Why don’t more grantmakers involve external stakeholders in decision-making?  According to the survey, many grantmakers are comfortable with the status quo, prefer to get their information from experts rather than community members, or think it takes too much time and effort to involve outside constituents.  Valid or not, these excuses prevent many grantmakers from letting more diverse voices influence their work.

Yet, the benefits of stakeholder engagement are evident; inviting external constituencies to the table results in:

  • Deeper understanding of problems;
  • Truer sense of grantee needs and challenges;
  • Improved strategy;
  • Greater effectiveness;
  • More accountability and transparency; and
  • Increased buy in.

So how do grantmakers involve stakeholders in decision-making?  Do Nothing About Me Without Me provides several case studies of organizations that do this work successfully.  The report also offers a range of activities for grantmakers, depending on their current level of stakeholder engagement. 

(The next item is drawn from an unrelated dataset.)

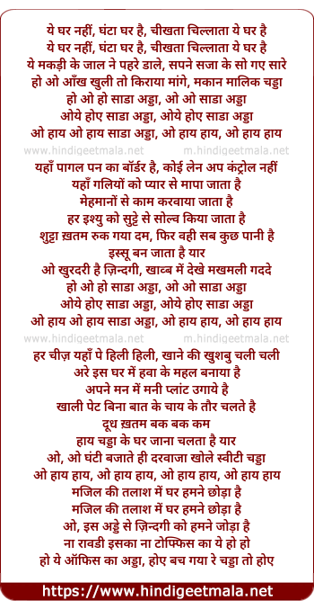 Lyrics of Saada Adda - ये घर नहीं, घंटा घर है, चीखता चिल्लाता ये घर है

Minnesota also has its own examples of foundations involving communities in their organizations:

  • Getting started: If your foundation is just beginning this work, surveying grantees for feedback and input is a great first step.  Some foundations also commission Grantee Perception Reports from the Center for Effective Philanthropy.  The McKnight Foundation published its report online for greater transparency and accountability.
  • Gathering input: Other grantmakers involve grantees and community members in focus groups, listening sessions, and community convenings around public problems.  For instance, the Central Minnesota Community Foundation has convened community meetings around important local issues, such as ways to promote collaborative planning with St. Cloud, Sartell, and Sauk Rapids.
  • Sharing decision making: For grantmakers that are able and willing to share decision-making authority with a group of constituents, they may consider either adding nonprofit and community representatives to their board, or appointing a panel of nonprofit staff and community members to decide on grants. Family foundations can expand their boards to include non-family members.  The Sundance Family Foundation has benefited from assembling a small, talented board of directors made up of several people from the community. At the Women’s Foundation of Minnesota, the Social Change Fund and girlsBEST Fund each has its own committee that is charged with making funding recommendations to the board of trustees. Committee members include staff, board members, and community volunteers that participate in reading proposals, conducting site visits, and evaluating applications. The process incorporates perspectives of many different decision makers.

Join the conversation: How does your foundation involve stakeholders?  If you are with a nonprofit, how have funders engaged your organization in their work?

-Stephanie Jacobs, MCF director of member services


McKnight Foundation Leading by Following

August 20, 2010

Philanthropy is a field of leaders, but Monitor Institute is focusing elsewhere with their Smart Money Award, a bi-monthly recognition of philanthropy’s most important acts of “followership”.

Instead of recognizing those who go where no one has gone before, the award celebrates those who follow in the footsteps of others. It honors acts like Warren’s Buffet’s 2006 gift of more than $31 billion to the Gates Foundation and Buffet’s recognition that “there was a terrific foundation that was already scaled-up…that would and that could productively use my money now. “

Most recently, the Smart Money Award went to The McKnight Foundation, an MCF member, for followership represented by its $100 million commitment to three re-granting institutions leading the effort against climate change: ClimateWorks, the Energy Foundation, and RE-AMP. Given the issue’s urgency and parters who were already doing work they trusted, McKnight’s Board decided it would be most effective to forego acting alone and instead join the ongoing efforts of others.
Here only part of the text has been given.